Dataset records
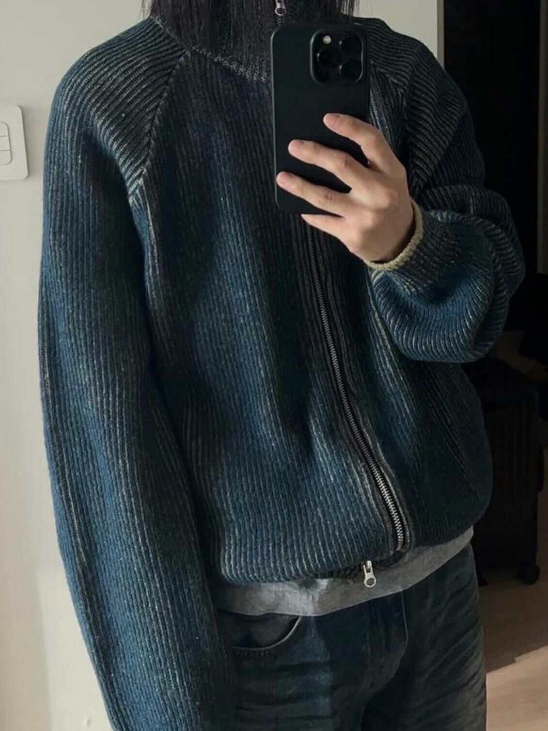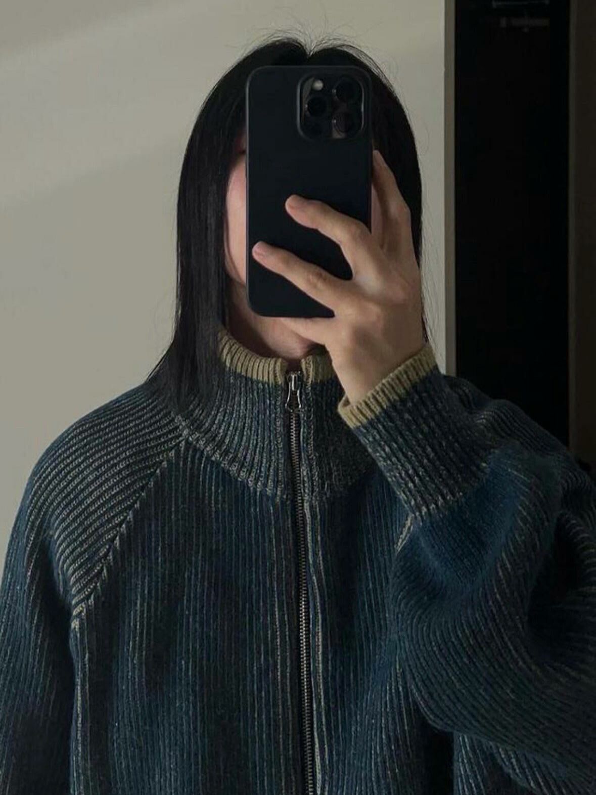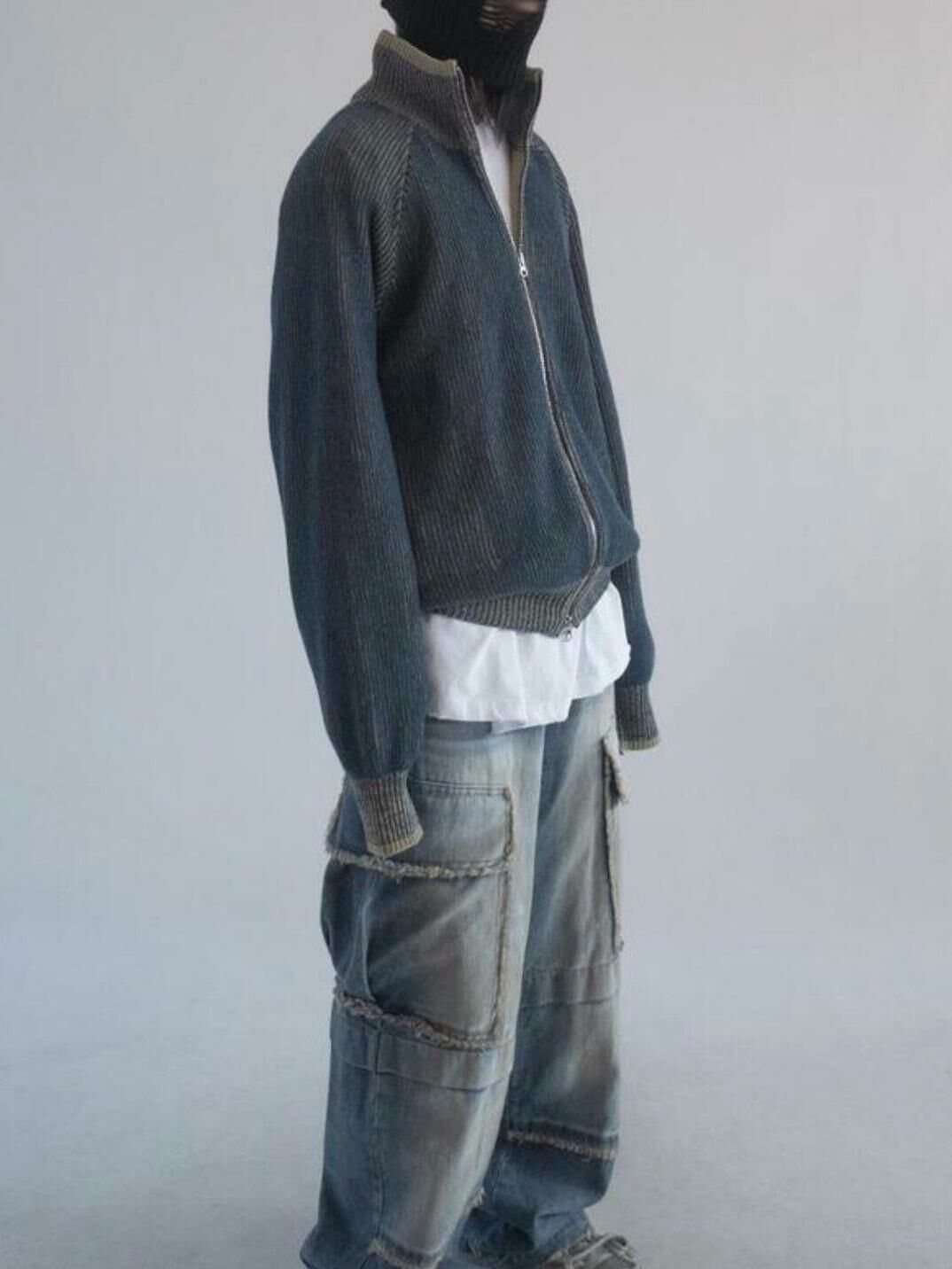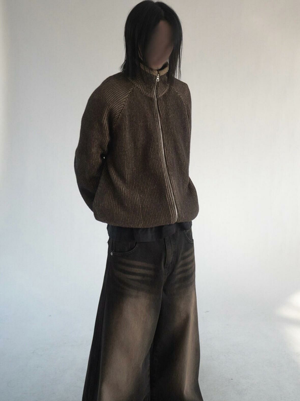 企領暗直紋拉鍊針織外套 DOT-072JK
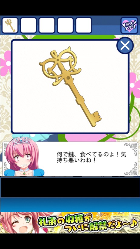 このゲームアプリは、魔女のおばあさんにかけてもらった魔法が解ける前に脱出するというあらすじです。主人公のまなみは、花粉症のためティッシュで鼻栓をしたまま魔法をかけてもらっているため、元の姿は絶対に見せられないという事情があります。そのため、皆さんがご存知のシンデレラの事情とは少々違いますが、この個性的なシンデレラのために脱出を手伝うことがプレイヤーのミッションです。セリフが萌え系ボイスになっていますので、男女関係なく萌え系が好きな人には特におススメのアプリです。
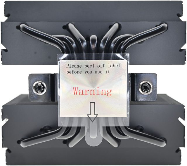 ▼散熱器底座的處理器接觸面有一張保護貼,上面用英文標示”警告,使用前請撕除保護
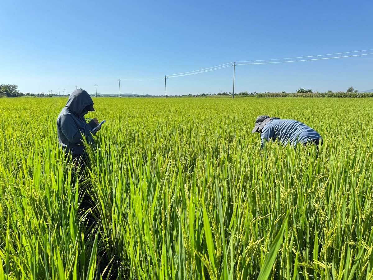 Cán bộ Trung tâm Trồng trọt và Bảo vệ thực vật miền Trung điều tra tình hình sâu bệnh trên ruộng lúa áp dụng mô hình IPHM.
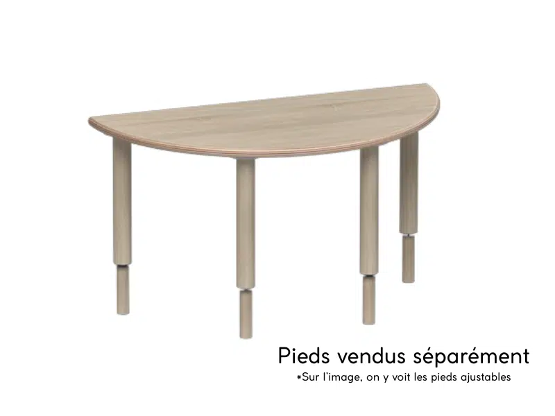 Ce plateau de table semi-circulaire de 120 x 60 cm est parfait pour favoriser l’interaction et la collaboration entre enfants. Sa forme unique permet de créer des espaces modulables, idéaux pour le travail en groupe ou les activités en cercle, tout en offrant à chaque enfant un espace confortable et accessible.
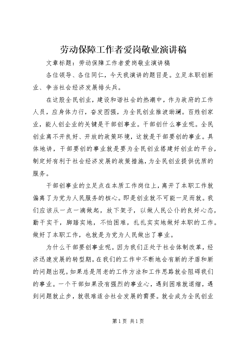 劳动保障工作者爱岗敬业演讲稿 (3)
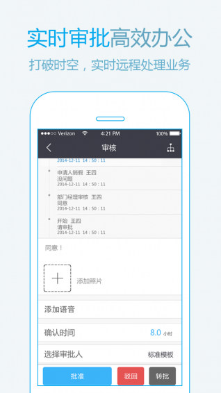 老板满世界飞,审批一拖再拖,严重耽误工作进程,移动审批,让老板随时随地审批,在线发送,及时审批。
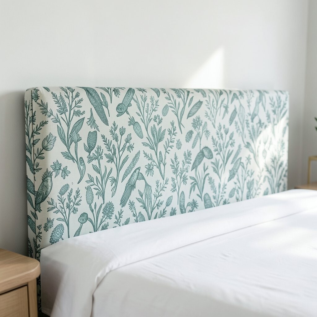 A fabric headboard in seafoam print can become the centerpiece of your bedroom. It adds texture and color to your sleeping space.
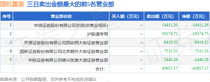 证券之星消息,沪深交易所2025年12月4日公布的交易公开信息显示,国机重装(601399)因非ST、*ST和S证券连续三个交易日内收盘价格涨幅偏离值累计达到20%的证券登上龙虎榜。此次是近5个交易日内第2次上榜。

Task details: Up to and including the line with "Cán bộ Trung", repeat every line from the top of the entries exactly, but not the pictures.

Response for this exercise:
 企領暗直紋拉鍊針織外套 DOT-072JK
 このゲームアプリは、魔女のおばあさんにかけてもらった魔法が解ける前に脱出するというあらすじです。主人公のまなみは、花粉症のためティッシュで鼻栓をしたまま魔法をかけてもらっているため、元の姿は絶対に見せられないという事情があります。そのため、皆さんがご存知のシンデレラの事情とは少々違いますが、この個性的なシンデレラのために脱出を手伝うことがプレイヤーのミッションです。セリフが萌え系ボイスになっていますので、男女関係なく萌え系が好きな人には特におススメのアプリです。
 ▼散熱器底座的處理器接觸面有一張保護貼,上面用英文標示”警告,使用前請撕除保護
 Cán bộ Trung tâm Trồng trọt và Bảo vệ thực vật miền Trung điều tra tình hình sâu bệnh trên ruộng lúa áp dụng mô hình IPHM.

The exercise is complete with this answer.